### [EXERCISE]
A faithful copy is needed of the lines below from the one with "声明:本公众号发布的文章,仅" up to and including the one with "Fint kjøkkenbord. Lengde"; set it down with no pictures and no other lines.

### [DATA RECORDS]
.....

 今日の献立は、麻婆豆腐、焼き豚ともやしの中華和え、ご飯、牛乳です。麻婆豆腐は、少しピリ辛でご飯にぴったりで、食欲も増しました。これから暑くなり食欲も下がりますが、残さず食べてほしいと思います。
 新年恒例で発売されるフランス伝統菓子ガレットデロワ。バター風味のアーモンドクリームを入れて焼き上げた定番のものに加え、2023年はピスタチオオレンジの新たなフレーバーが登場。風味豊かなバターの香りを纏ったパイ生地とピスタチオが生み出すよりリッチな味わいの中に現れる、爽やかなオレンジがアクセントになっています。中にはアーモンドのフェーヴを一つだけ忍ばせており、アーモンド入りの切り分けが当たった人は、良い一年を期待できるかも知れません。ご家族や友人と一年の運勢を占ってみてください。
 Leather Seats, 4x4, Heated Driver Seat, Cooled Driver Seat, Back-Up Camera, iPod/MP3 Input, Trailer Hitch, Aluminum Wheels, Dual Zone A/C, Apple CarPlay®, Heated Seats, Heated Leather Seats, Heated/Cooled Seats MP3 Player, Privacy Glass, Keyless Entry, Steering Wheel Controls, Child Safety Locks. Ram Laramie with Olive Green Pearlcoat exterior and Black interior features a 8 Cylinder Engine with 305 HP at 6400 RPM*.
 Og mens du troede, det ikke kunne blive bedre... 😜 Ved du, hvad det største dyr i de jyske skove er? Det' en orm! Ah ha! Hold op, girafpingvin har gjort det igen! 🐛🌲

.....

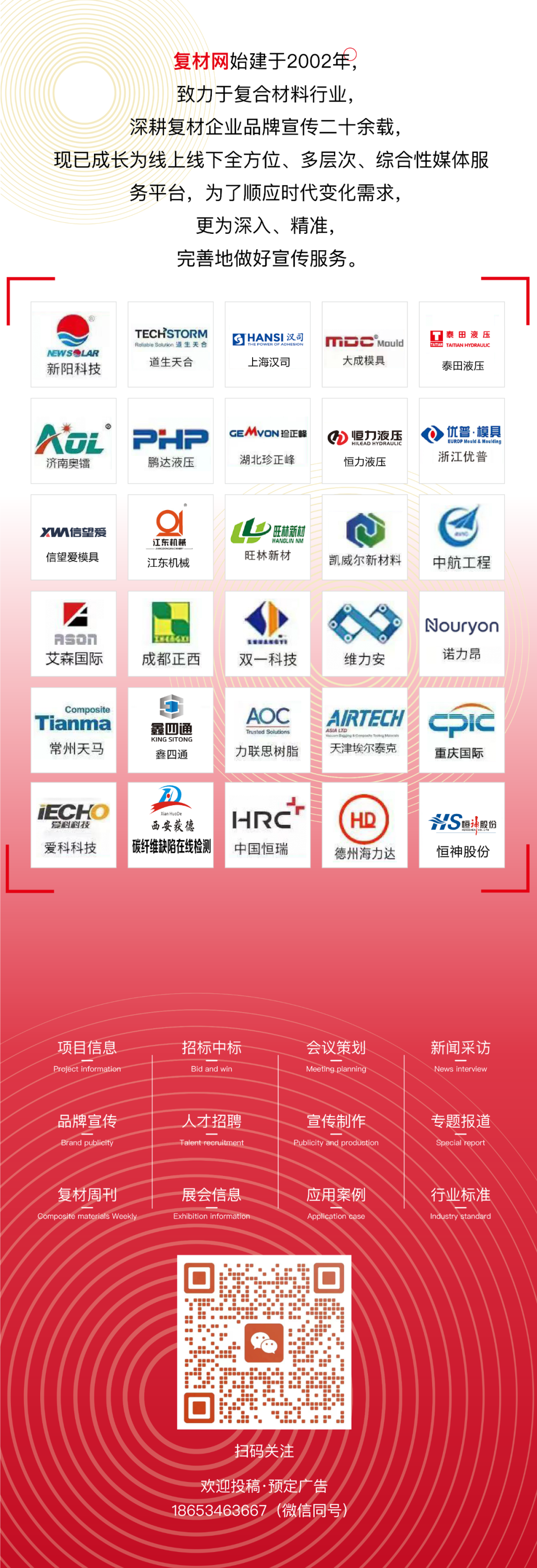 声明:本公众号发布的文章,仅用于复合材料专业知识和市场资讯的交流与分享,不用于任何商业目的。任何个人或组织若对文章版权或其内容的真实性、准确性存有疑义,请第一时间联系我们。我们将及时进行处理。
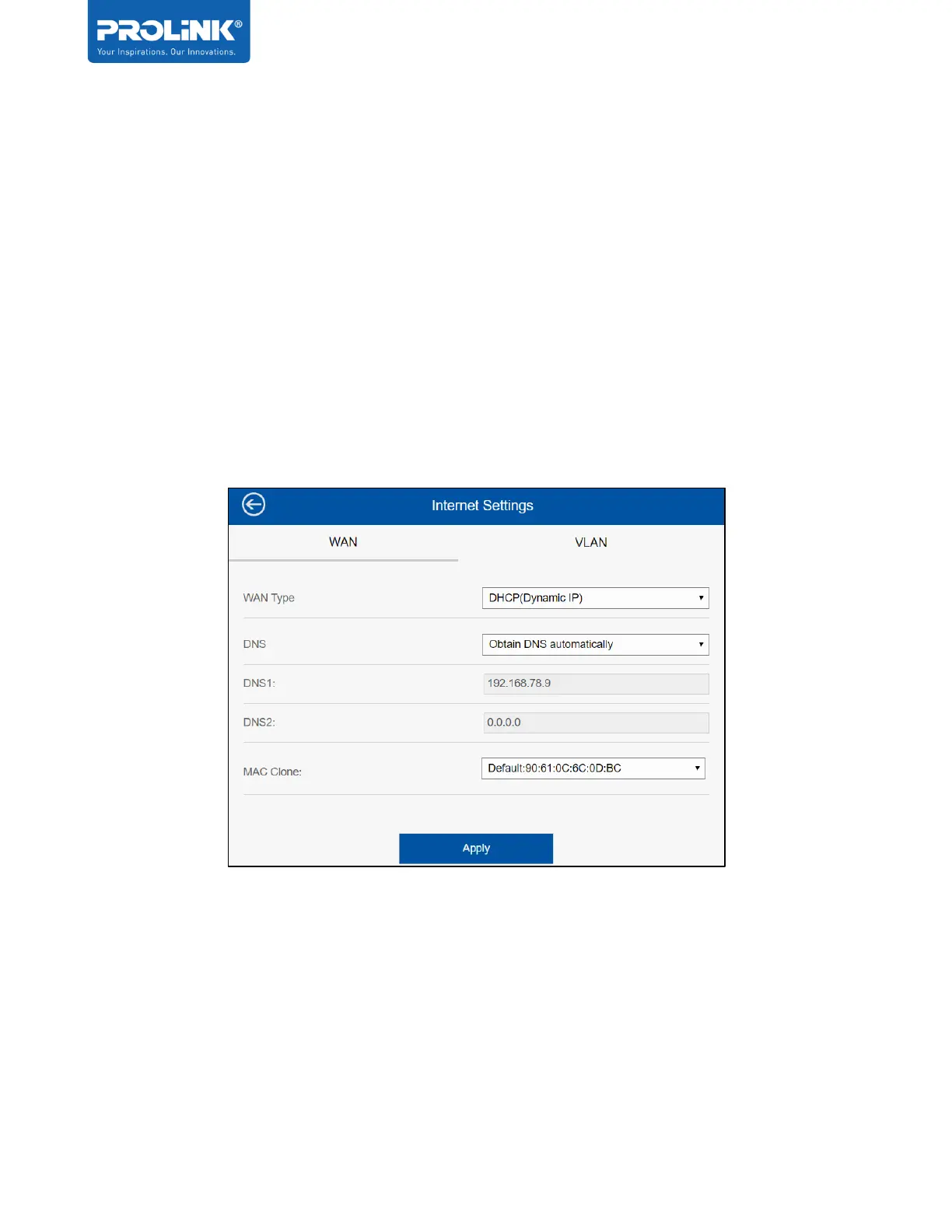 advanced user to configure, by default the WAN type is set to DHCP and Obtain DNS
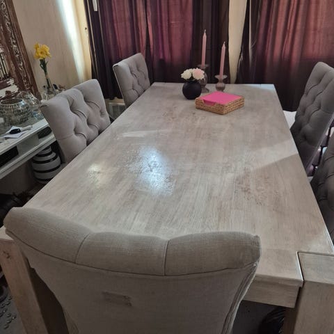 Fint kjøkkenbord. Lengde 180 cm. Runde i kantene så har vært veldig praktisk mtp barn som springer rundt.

.....

### [ANSWER TO THIS TASK]
 声明:本公众号发布的文章,仅用于复合材料专业知识和市场资讯的交流与分享,不用于任何商业目的。任何个人或组织若对文章版权或其内容的真实性、准确性存有疑义,请第一时间联系我们。我们将及时进行处理。
 advanced user to configure, by default the WAN type is set to DHCP and Obtain DNS
 Fint kjøkkenbord. Lengde 180 cm. Runde i kantene så har vært veldig praktisk mtp barn som springer rundt.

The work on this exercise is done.